Very high CPU load, but nothing significant in top
 
I'm running Ubuntu Linux 12.04.1, with VirtualMin 4.08.gpl GPL and 2 CPU cores.

Pretty much all the time for the last few weeks, it's been running at well above load average of 5, usually up closer to 10, sometimes reaching 20.

Right now, CPU load averages: 9.20 (1 min) 8.20 (5 mins) 7.81 (15 mins)

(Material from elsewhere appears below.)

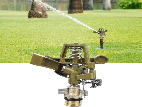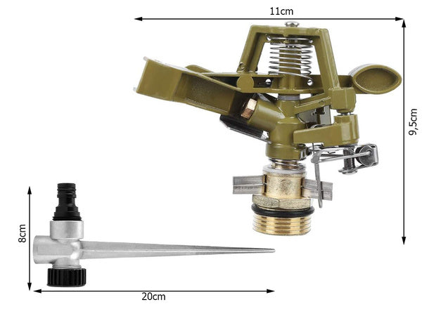 Pagamintas iš kokybiško metalo ir plastiko, 360° kampu besisukantis pulsuojantis metalinis vejos purkštuvą galite lengvai jungti su kitais purkštuvais. Jo matmenys yra 11 cm x 9,5 cm, todėl jis puikiai tinka bet kuriam sodui.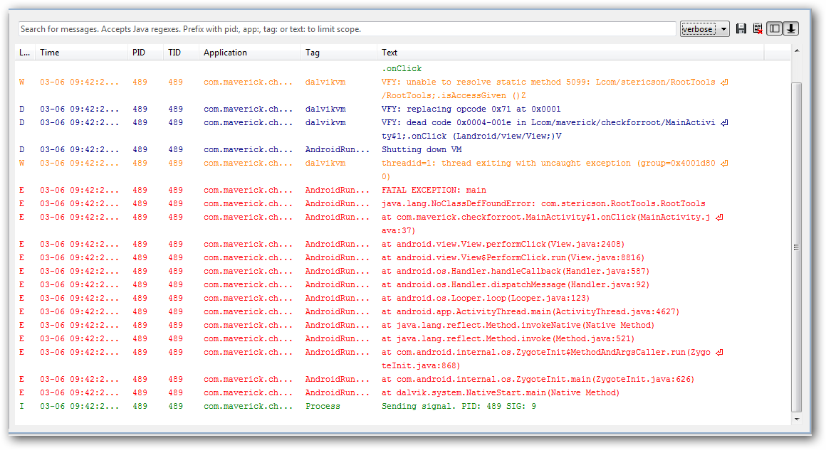 在下面的代码中,我尝试使用roottools检查根访问。没有任何语法错误,但是每当我单击"Check“按钮时,就会收到一条”应用程序意外停止“的消息。请帮帮忙。

At the same time, VirtualMin returns:

Virtual Memory: 996 MB total, 15.44 MB used Real Memory: 3.80 GB total, 972.43 MB used Local disk space: 915.94 GB total, 116.03 GB used

Have restarted (shutdown -rf now) the machine a few times and sure enough sooner or later we're back up with high CPU loads.

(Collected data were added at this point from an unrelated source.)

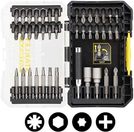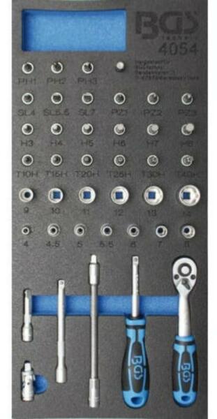 28 db 25 mm csavarbehajtó bit, 1 x Ph1 - 2 x Ph2 - 2 x Ph3 -1 x Hex 3 - Hex 4 - Hex 5 - Hex 6 - 6 x Pz2 - 5 x Pz3 - 2 x T15 - T20 - T25 - T309 db 50 mm csavarbehajtó bit: 1 x Ph1 - 1 x Ph2 - 1 x Pz1 - 2 x Pz2 - 1 x T15 - 1 x T20 - 1 x T25 - 1 x T302 db dugókulcs: 1 x 8 mm - 10 mm1 db csavarmegvezetős bittartó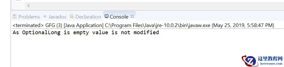 // Java program to demonstrate// OptionalLong.ifPresent(LongConsumer) method import java.util.OptionalLong; public class GFG { public static void main(String[] args) { // create a OptionalLong OptionalLong oplong = OptionalLong.empty(); // apply ifPresent(LongConsumer) oplong.ifPresent((value) -> { value = value * 132435; System.out.println("Value:=> " + value); }); System.out.println("As OptionalLong is empty value" + " is not modified"); }}输出: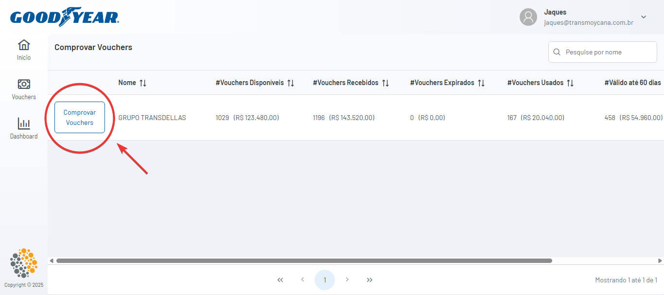 Faça login, clique em “Vouchers” e depois em “Comprovar Vouchers”

Running top (or htop) returns nothing significant at all running at high CPU - in fact watching it for a few minutes and the highest item would maybe high 3% CPU.

Top returns this also:

Cpu(s): 2.2%us, 1.2%sy, 0.0%ni, 0.0%id, 96.5%wa, 0.0%hi, 0.2%si, 0.0%st

The %wa concerns me as it's so high - seems to stay up above 80%.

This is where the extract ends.